Investor magnate Warren Buffet has a reputation as a voracious reader, consuming newspapers, novels, and journals in upwards of five hours per day. He attributes much of his success as an investor to possessing a wide breadth of knowledge on a number of subjects and industries. Many fitness professionals fail to reach five hours of reading, or more broadly, professional development per week, let alone per month. Use this time to devour a subject or domain on which you know very little or an area that will help you better service your clients.

Joseph Giandonato, MBA, MS, CSCS presently serves as a Fitness Specialist at the Philadelphia College of Osteopathic Medicine, where he assists with the oversight of recreational and college-wide wellness programming. Giandonato also serves as a part-time faculty member at Eastern University and Chestnut Hill College, where he teaches exercise science electives. Previously, Giandonato served as the Manager of Health Promotion and Wellness at Drexel University where he initiated and implemented the award winning A HEALTHIER U campus wellness initiative. Additionally, Giandonato serves as an instructor for the World Instructor Training Schools, through which he’s helped certify hundreds of personal trainers since 2010.

References

  1. Besedovsky, L., Lange, T., & Born, J. (2012).
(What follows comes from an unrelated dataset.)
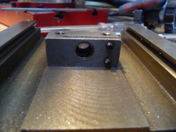 then get a piece of 3/8" thick Delrin and bore a hole in it centrally equal to the bottom diameter of the thread and bolt this onto the face of the nut block.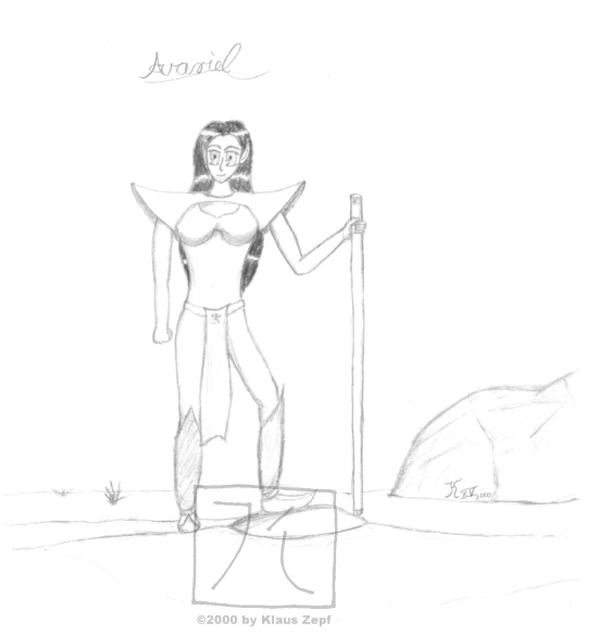 made this picture for a friend of mine who plays this character in an RPG that he developed himself. Avariel is an elven battle mage that can cast powerful fire-spells and also fight very well with her staff. I drew this when I was a guest-player taking over this character for one session. The GM wasn't very enthusiastic about it, though: 3 out of 5 players were mostly drawing their current characters instead of roleplaying... |

Sleep and immune function. Pflugers Archive European Journal of Physiology, 463 (1), 121-137.
  2. Said, E.A., Al-Abri, M.A., Al-Saidi, I., Al-Balushi, M.S., Al-Busaidi, J.Z., Al-Reesi, I., Koh, C.Y., Idris, M.A., Al-Jabri, A.A., & Habbal, O. (2019). Sleep deprivation alters neutrophil functions and levels of Th1-related chemokines and CD4⁺ T cells in the blood. Sleep and Breathing, 23 (4), 1331-1339.